このように、まさしく、本校が掲げている「質の高い文武両道」を実現すべく、教育活動を展開してい
るところです。
生徒諸君、廿高は、これまでもそうであったように、未来永劫、広島県西部の拠点となる高等学校と
して、あり続けなければならない学校であり、諸君の今日(きょう)の学び、頑張りが、十年先、五十年
先、百年先の礎(いしずえ)となります。
私は折に触れ、校是である「礼節」「勤勉」「協同」を引用し、自らの在り方生き方に責任を持ち、努力
を惜しまず自己実現をめざし、他者とともに新たな価値を創造できる人物たれ、と伝えています。
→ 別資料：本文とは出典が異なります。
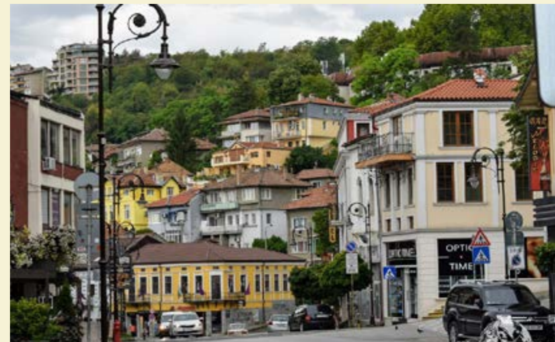
Из улиците на старата столица

そのことを、この、輝かしい歴史と伝統のある、廿高に入学してきた、諸君に課せられたミッションで
あると受け止め、現状に甘んじることなく、更に理想を高く掲げて、勉学に、部活動に励み、次なる百年
に向けて、新たなステージの土台を築き、後輩にバトンを引き継いでくれることと期待しています。
最後になりますが、今後とも、教職員一同、これからの変化の激しい社会を生き抜くことのできる資
質・能力を備えた、真(まこと)のトップリーダーとなる人材を育成すべく、教育に尽力して参ります。
御来賓の皆様をはじめ、関係者の皆様には、これまで本校に賜りましたご厚情に、心よりお礼申し
上げますとともに、今後も変わらぬご支援をいただきますことを、お願い申し上げ、式辞といたします。